• [Task]
Range to output from the entries below: the line containing "A vibrant collection" through the line containing "В концепцию входит: завтрак, обед". Set it down exactly, ends included, nothing else.
Segment Start: Task input
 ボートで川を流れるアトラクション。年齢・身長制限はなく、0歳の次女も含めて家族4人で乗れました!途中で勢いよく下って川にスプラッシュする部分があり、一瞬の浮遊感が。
Segment End: Task input
Segment Start: Task input
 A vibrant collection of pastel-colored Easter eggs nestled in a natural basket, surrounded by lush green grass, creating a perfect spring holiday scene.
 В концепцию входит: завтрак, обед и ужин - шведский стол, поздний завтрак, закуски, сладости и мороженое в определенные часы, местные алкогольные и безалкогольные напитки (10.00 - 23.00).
Segment End: Task input
Segment Start: Task input
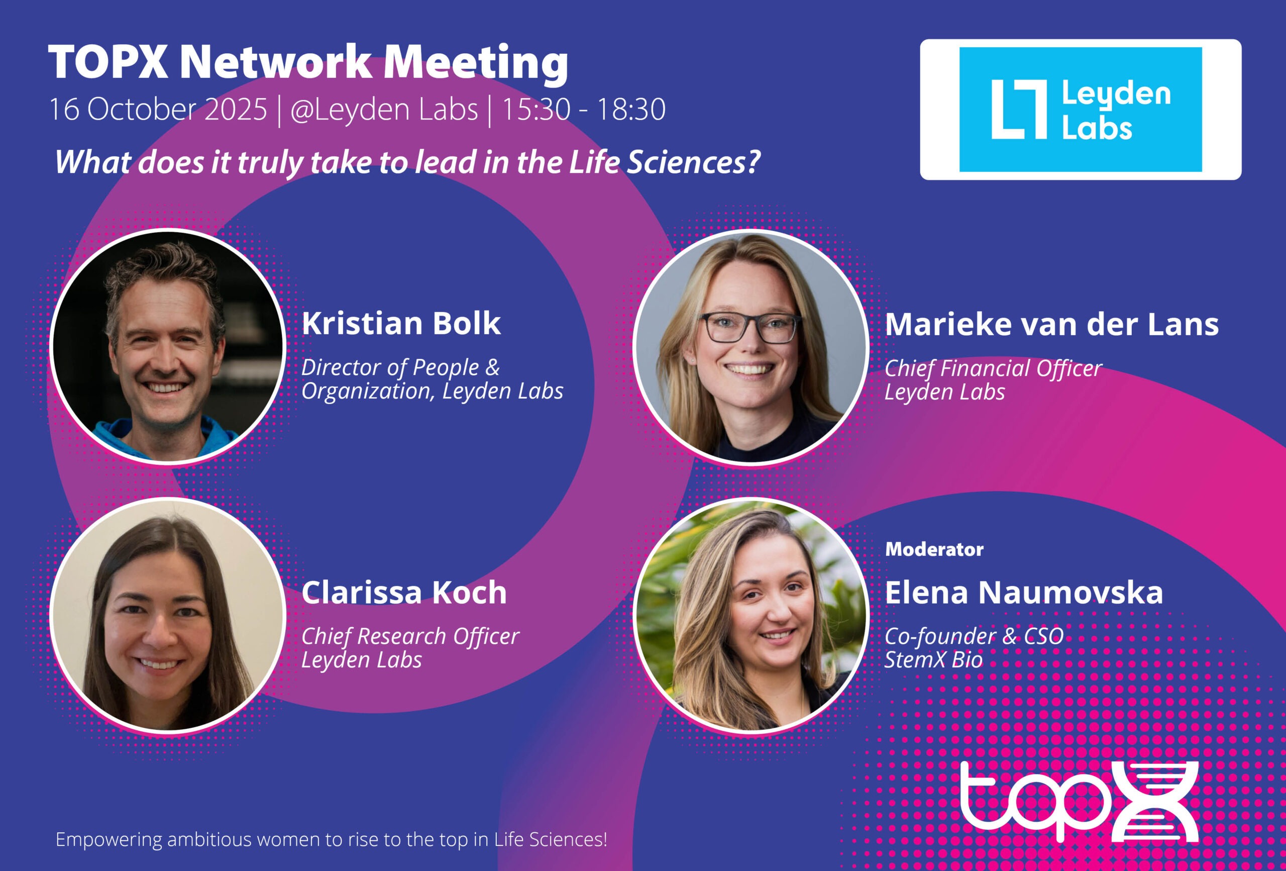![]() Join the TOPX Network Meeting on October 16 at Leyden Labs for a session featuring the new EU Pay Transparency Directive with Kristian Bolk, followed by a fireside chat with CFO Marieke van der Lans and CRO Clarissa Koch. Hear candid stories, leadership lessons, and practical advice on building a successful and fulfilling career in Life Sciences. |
Segment End: Task input
• [Problem solution]
 A vibrant collection of pastel-colored Easter eggs nestled in a natural basket, surrounded by lush green grass, creating a perfect spring holiday scene.
 В концепцию входит: завтрак, обед и ужин - шведский стол, поздний завтрак, закуски, сладости и мороженое в определенные часы, местные алкогольные и безалкогольные напитки (10.00 - 23.00).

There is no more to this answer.